(Reuters) – RPC Group Plc <RPC.L> said on Monday it had ended talks on a takeover with U.S. private equity firm Bain Capital, leaving Apollo Global Management <APO.N> in the lead to buy Europe’s biggest plastics packager and sending its shares lower.
RPC said discussions with Apollo, a New York-listed private equity firm, were ongoing. It has given Apollo until Dec. 21 to make firm buyout offers or walk away, in the third extension of a deadline.
Shares of London-listed RPC fell 3.7 percent, erasing most of the 5 percent gain it has made since reports of merger talks appeared in September.
Asked by Reuters for more details on the reasons for the collapse of talks with Bain, the company declined to comment.
RPC, which provides packaging services to a range of products from coffee capsules to healthcare products with 188 operations in 33 countries, said last week earnings in the first half of the year had fallen 4.5 percent.
The packaging industry has seen a raft of deals this year, with Australia’s Amcor Ltd <AMC.AX> buying U.S. firm Bemis Co <BMS.N> for $5.25 billion (4.11 billion pounds) and DS Smith Plc <SMDS.L> spending about $2.2 billion to acquire Spanish rival Europac <PYCE.MC>.

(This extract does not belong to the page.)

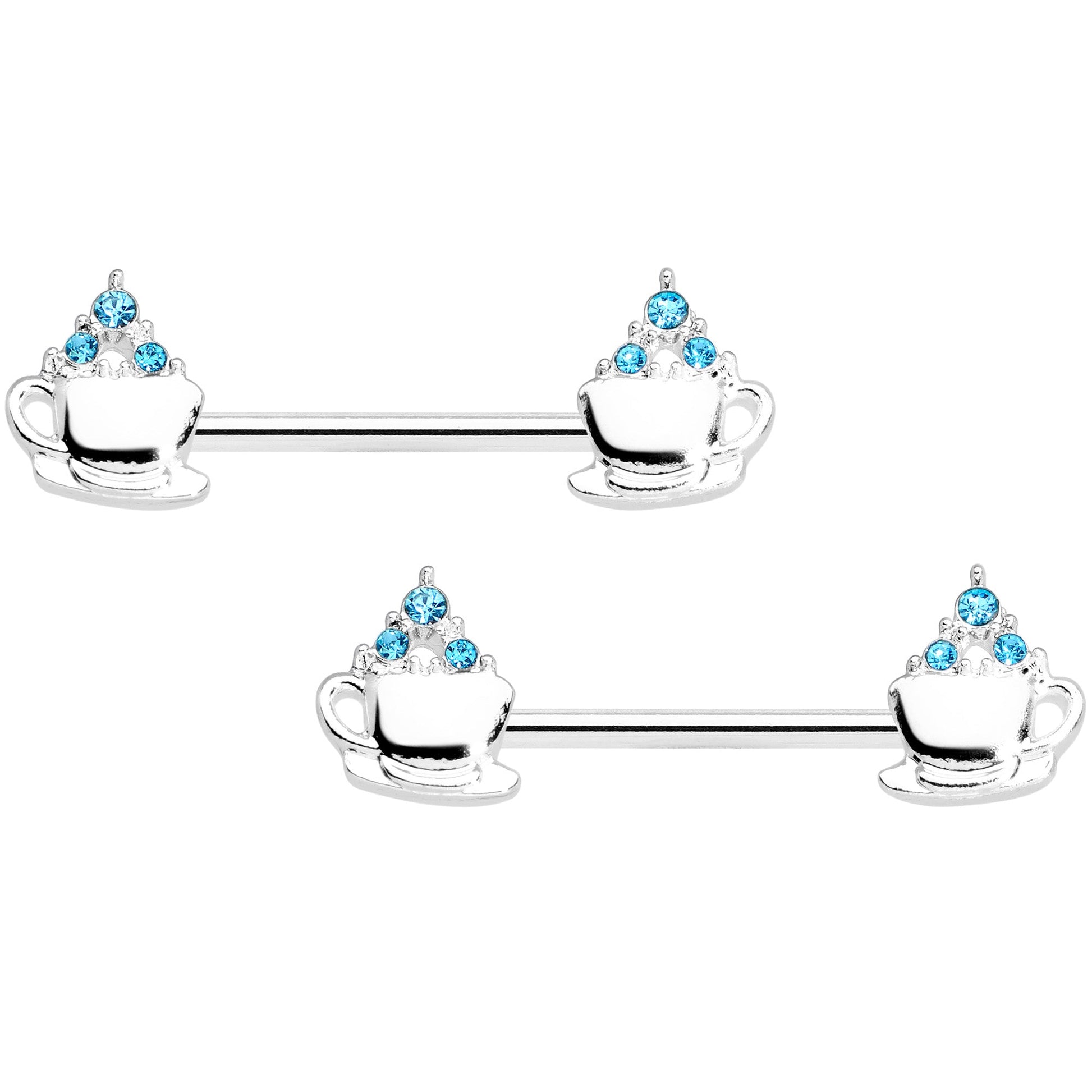 Mmmm......what could be sweeter than a cup of cocoa on a cold day? The sweet cups of cocoa on this 14 gauge nipple jewelry! It's made with 14mm durable 316L surgical grade stainless steel straight barbells with ends that feature matching teacup charms sitting on their own little saucers. Each one appears to be filled to the brim and features small aqua gems taking the place of marshmallows floating on the top. These cups of cocoa are sure to make your nipple piercings look absolutely delicious, all year round! Sold as a set of two.Specifications

RPC confirmed the merger talks in September after a Bloomberg report that it was exploring options including a sale.
The company had flagged in July that pressure from investors was preventing it from pursuing growth opportunities, and said it would focus on divesting non-core assets.
Private equity has long been drawn by packaging companies’ reliable cashflow and exposure to growing demand for online shopping, with a spate of takeovers by the industry’s bigger players further spurring their interest.